1.启动Spark会有:​​WARN yarn.Client: Neither spark.yarn.jars nor spark.yarn.archive is set​​,这里是上述的两个用来节省上传jars到hdfs的选项都没有设置,会执行本地上传。请看 ​​问题及解决​​

2.执行Spark.sql出现​​Truncated the string representation of a plan since it was too large.

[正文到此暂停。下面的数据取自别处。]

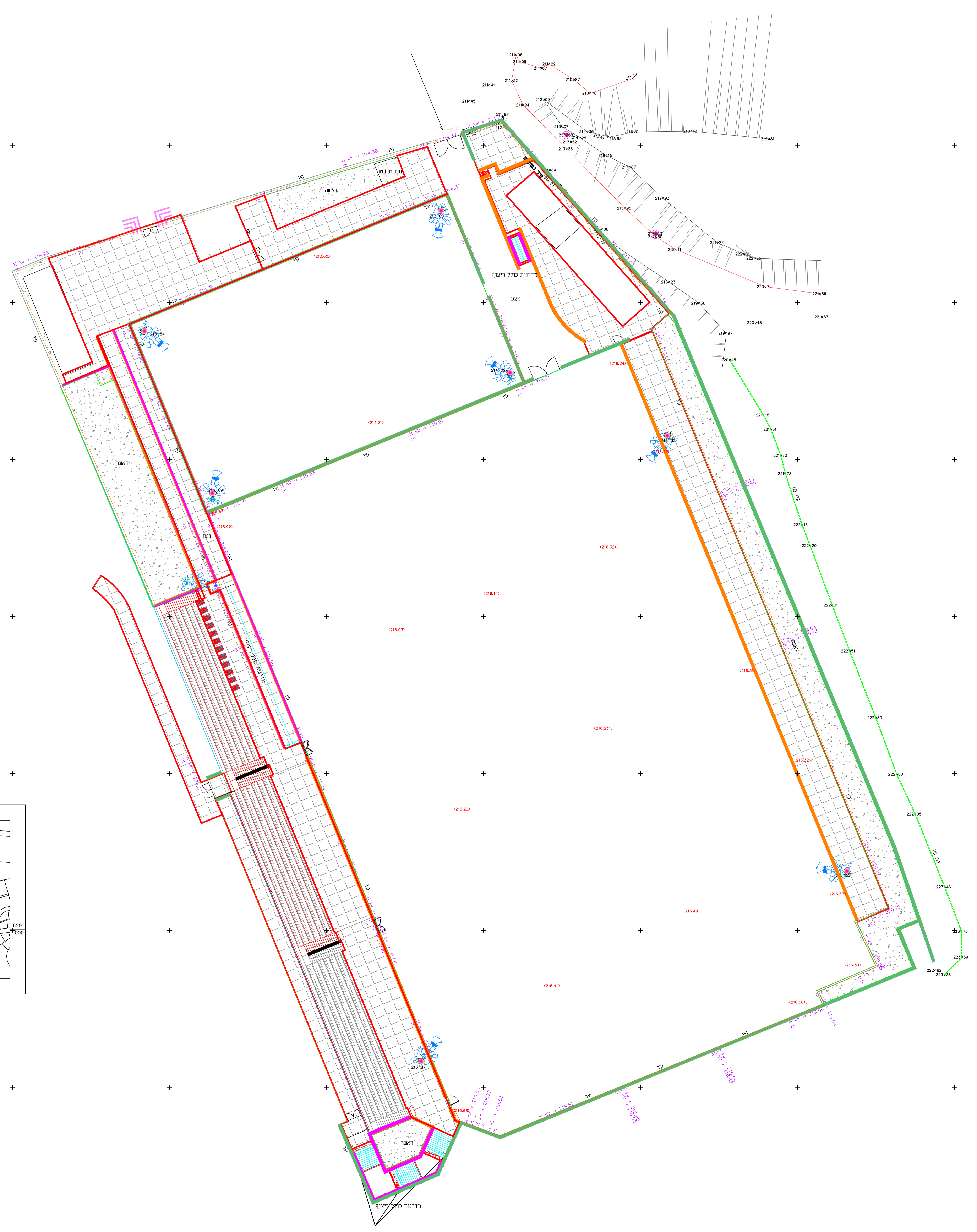
תרשים סביבה בקני"מ 1:5000
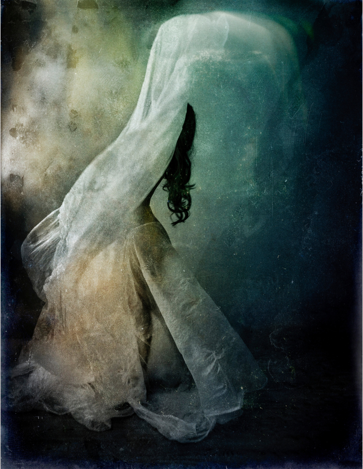
Un paso adelante. Crissial.

Crissial ha participado en múltiples exposiciones y ferias de arte a nivel nacional e internacional tanto colectivas e individuales. Aunque ha recibido varios premios y reconocimientos internacionales, según en la propia voz de la autora, su mayor logro ha sido ser capaz de transmitir emociones que despierten la conciencia.
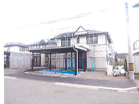
リフォーム中：外観写真
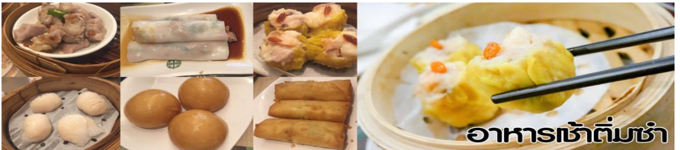
อาหารเช้าต้มซ่า

อิสระอาหารกลางวัน- อาหารเย็น ตามอัธยาศัย เพื่อสะดวกกับการช้อปปิ้ง
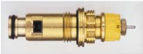
013 G 7371 / 1997 -
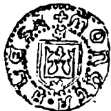
Gros de la Alexandru al II-lea.

(Biblioteca Academiei R.P.R., Cabinetul numismatic, nr. 16937)
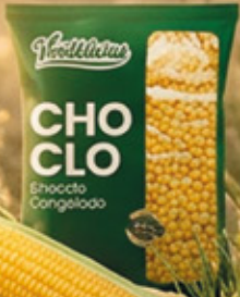
CHOCLO EN GRANO 1KG
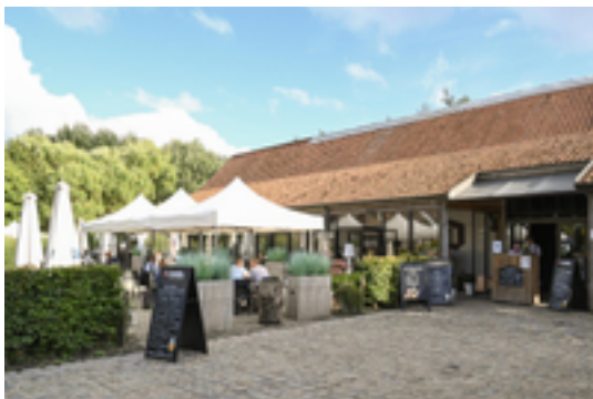
Afbeelding 21: Rhodesgoed

Het Rhodesgoed en de Rhodesbeek die door het natuurgebied stroomt hebben niets te maken met de kleur 'rood', maar verwijzen naar de familienaam van de oorspronkelijke eigenaars. Toch ontstond in de loop van de jaren het misverstand dat de kleur rood er iets mee te maken had. De mascotte van Kachtem, een reus, kreeg zelfs de naam 'Jan-Pieter de Rosten' (de roodharige).
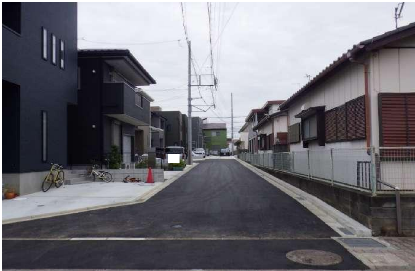
04046 大曲 46 号線 現況写真 【起点→終点】
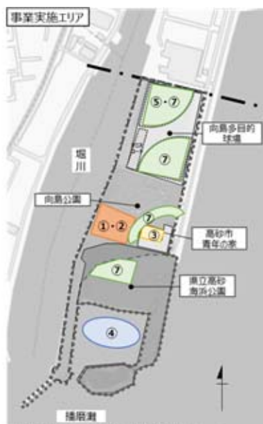
※地図上の色、数字は、左表と対応している。
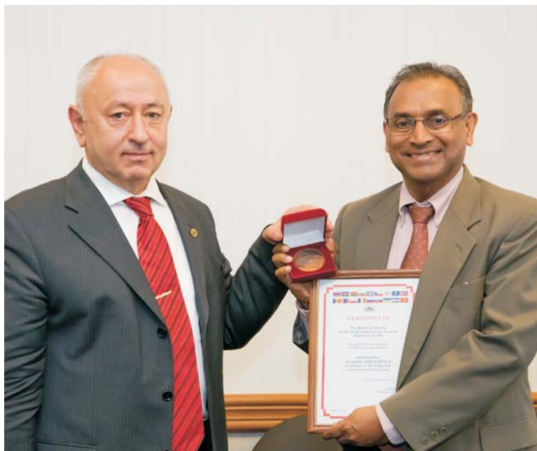
Дубна, 29 мая. Советники по науке и технике посольств стран-членов Евросоюза в ОИЯИ
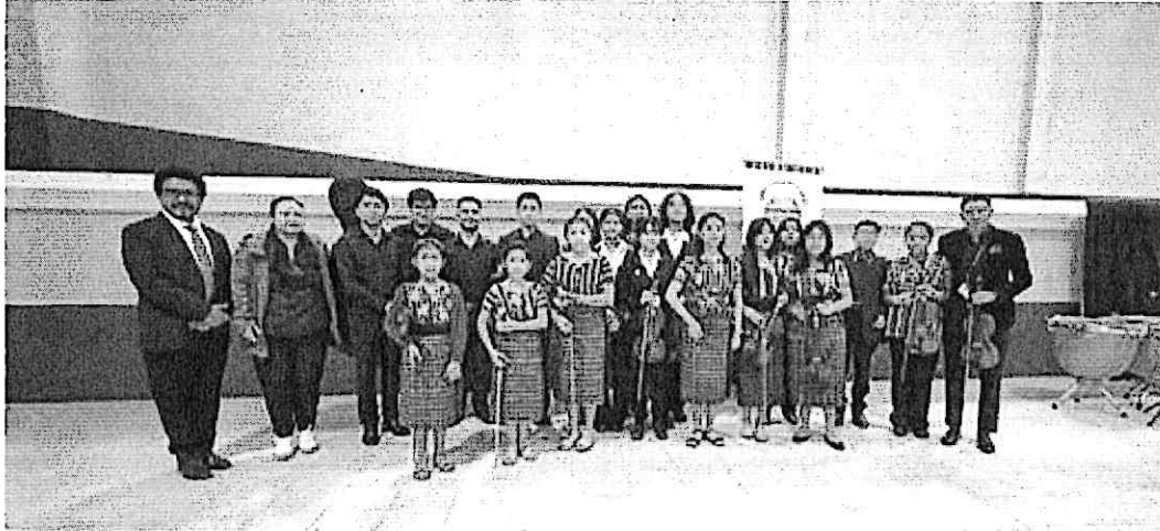
Director y alumnos de la Escuela Elemental de Música "Elías García" junto al cuarteto.
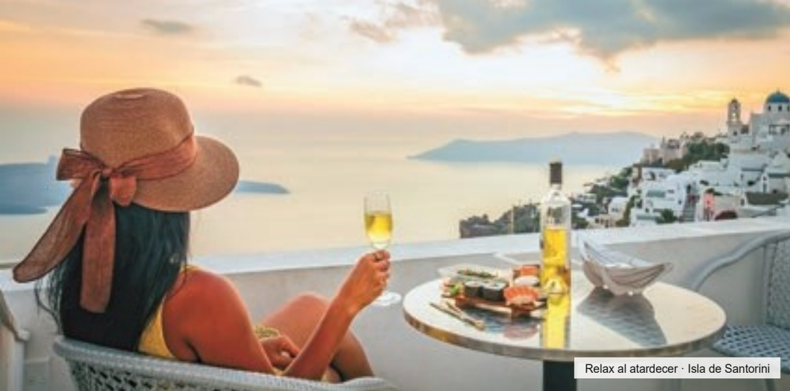
Relax al atardecer · Isla de Santorini
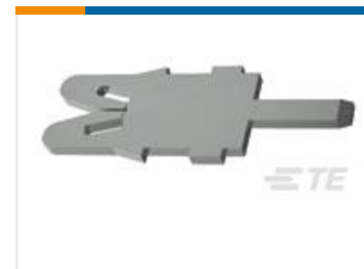
TE 产品编号1601128-4 TAB,PCB,FINE,SMZ
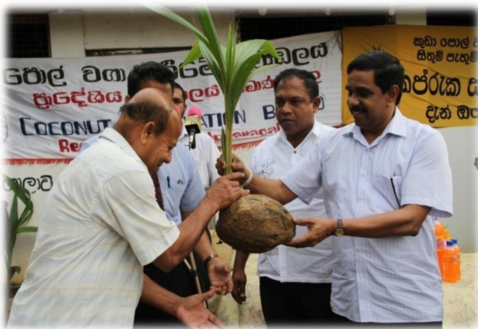
8.9 කප්රුක වැඩසටහන යටතේ ගරු ඇමතිතුමා විසින් පොල් පැළ බෙදා දෙමින්

පොල් වගා කිරීම හා සුළු හා මධ්‍ය පරිමාණ පොල් ආශ්‍රිත කර්මාන්ත වෙත ප්‍රජාව යොමු කිරීම සඳහා කුඩා ඉඩම් හිමියන් හා ප්‍රජා මූල සංවිධාන ලෙස ඔවුන් සංවිධාන ගත කර ඒ තුළින් පොල් ගස පාදක කරගත් රැකියා අවස්ථා උත්පාදනය කර දිළිඳුභාවය පිටු දැකීම අරමුණු කර ගනිමින් ආරම්භ කරන ලද “කප්රුක පුරවර ” වැඩසටහන යටතේ 2013-12-31 දින දක්වා කප්රුක පුරවර 133 ක්ද ප්‍රාථමික සමිති 5319 ක්ද ස්ථාපිත කර ඇත. මෙය 2016 දක්වා වන ඉලක්කයෙන් 73% ක් සහ 63% කි.

This behavior can be adjusted by setting 'spark.debug.maxToStringFields' in SparkEnv.conf.​​这里需要设定一下字符串的最大长度。

SparkSession
.builder()
.master("local[4]")
.appName("report")
.config("spark.debug.maxToStringFields", "100")
.getOrCreate();

参考 ​​spark.debug.maxToStringFields​​

3.执行Spark.sql​​metastore.ObjectStore: Version information found in metastore differs 2.3.0 from expected​​​需要在​​hive-site.xml​​​中配置​​hive.metastore.uris​​,配置的是连接metastore的信息。

<property>
<name>hive.metastore.uris</name>
<value>thrift://master:9083</value>
<description>metastore url</description>
</property>

参考 ​​metastore.ObjectStore​​ 4.​​org.apache.spark.SparkException: Job aborted due to stage failure: Task not serializable: java.io.NotSerializableException: org.apache.spark.sql.TypedColumn​​。通常因为在map、filter等的参数使用了外部的变量,但是这个变量不能序列化。特别是当引用了某个类(经常是当前类)的成员函数或变量时,会导致这个类的所有成员(整个类)都需要支持序列化。目前的解决方法参考 ​​spark not serializable异常分析及解决方案​

5.spark关闭一个slave节点​​no org.apache.spark.deploy.worker.Worker to stop​​,这是因为spark保存进程id的文件被定时清理了,可以查看下默认路径是否存在

  • worker节点 ​​/tmp/spark-${username}-org.apache.spark.deploy.worker.Worker-1.pid​
  • master节点 ​​/tmp/spark-${username}-org.apache.spark.deploy.master.Master-1.pid​

如果找不到,首先通过jps找到当前的master或者worker的pid,然后写入该文件,这样​​stop-slave.sh​​​或者​​stop-all.sh​​​就可以成功执行。
​​​Spark集群worker无法停止的原因分析和解决​

6.修改​​yarn-site.xml​​过程中遇到:​​hadoop 不在 sudoers 文件中。此事将被报告​​

7.启动spark后,提示​​JAVA_HOME is not set​​​,然后查看8080端口发现​​worker​​​没起来,然后在​​/conf/spark-env.sh​​​添加​​JAVA_HOME​​变量后,一切正常。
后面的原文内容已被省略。